- [The problem]:
Only lines containing "over" belong in the answer, each copied from the entries below.

(Data records)
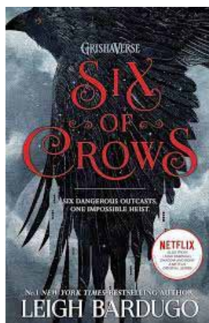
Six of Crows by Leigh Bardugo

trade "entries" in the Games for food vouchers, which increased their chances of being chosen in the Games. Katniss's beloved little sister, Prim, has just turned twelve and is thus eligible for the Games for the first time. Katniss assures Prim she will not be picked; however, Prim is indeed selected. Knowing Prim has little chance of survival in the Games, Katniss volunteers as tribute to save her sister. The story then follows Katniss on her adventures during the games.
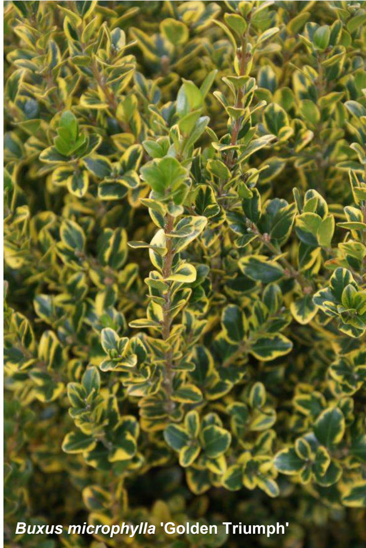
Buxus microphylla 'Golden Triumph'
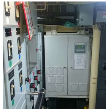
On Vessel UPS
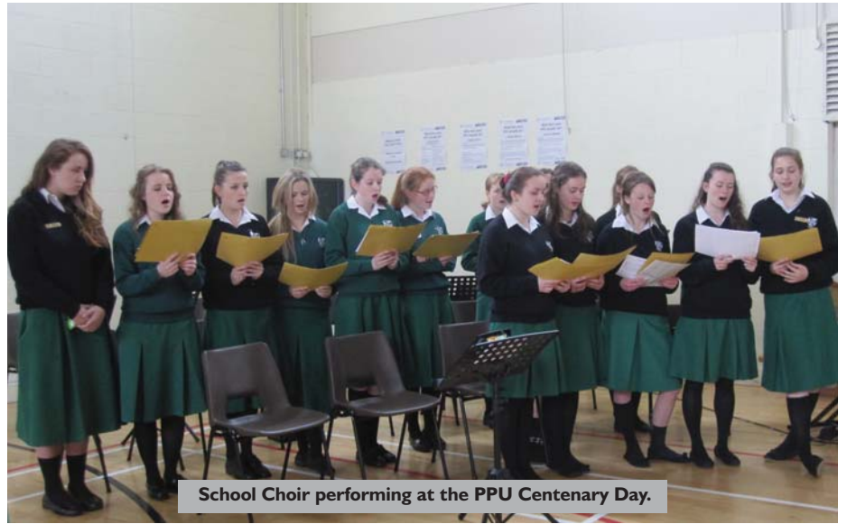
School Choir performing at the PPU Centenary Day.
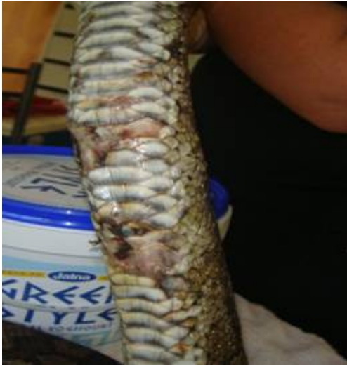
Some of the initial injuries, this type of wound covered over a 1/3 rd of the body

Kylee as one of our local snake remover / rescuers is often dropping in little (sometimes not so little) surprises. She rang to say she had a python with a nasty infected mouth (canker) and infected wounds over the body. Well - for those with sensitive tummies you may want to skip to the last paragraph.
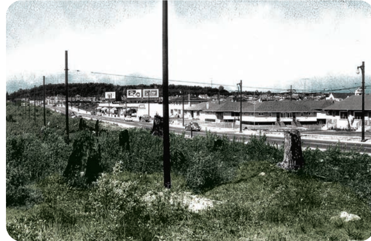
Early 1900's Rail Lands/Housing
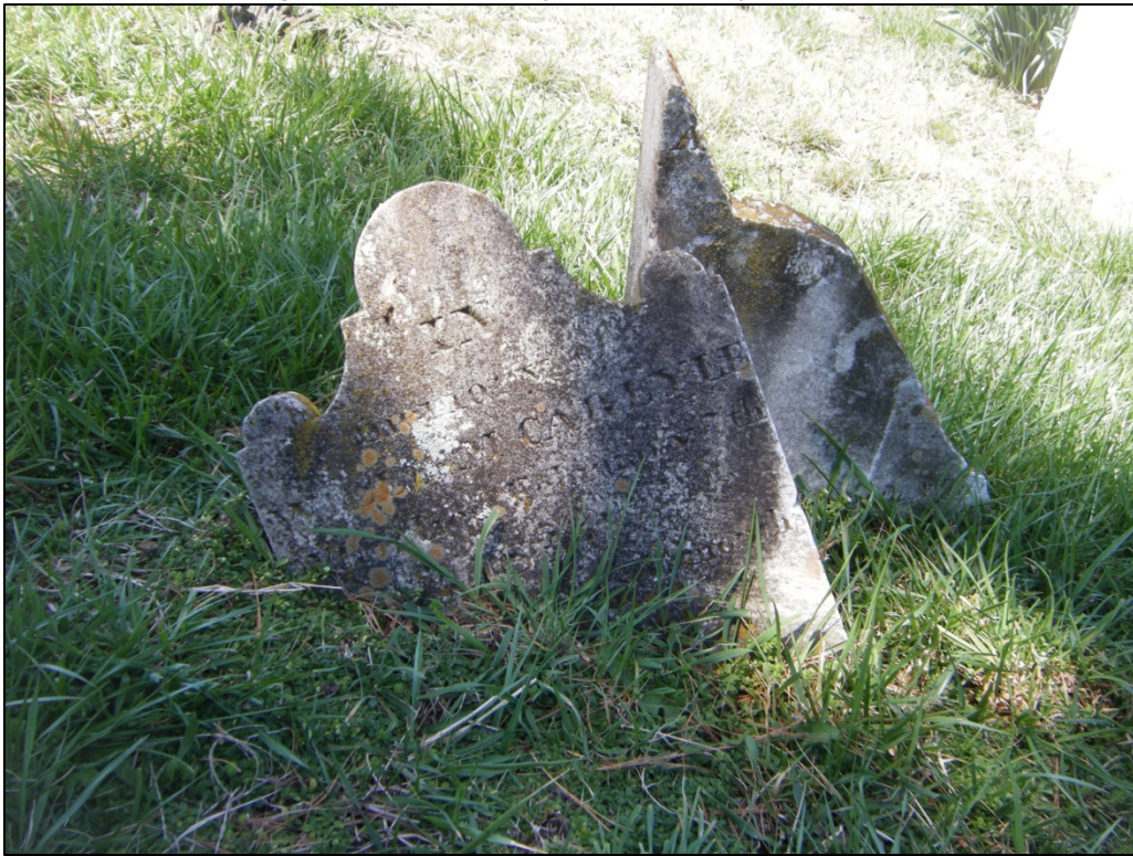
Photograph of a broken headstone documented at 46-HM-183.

- [Answer section]:
Some of the initial injuries, this type of wound covered over a 1/3 rd of the body
Kylee as one of our local snake remover / rescuers is often dropping in little (sometimes not so little) surprises. She rang to say she had a python with a nasty infected mouth (canker) and infected wounds over the body. Well - for those with sensitive tummies you may want to skip to the last paragraph.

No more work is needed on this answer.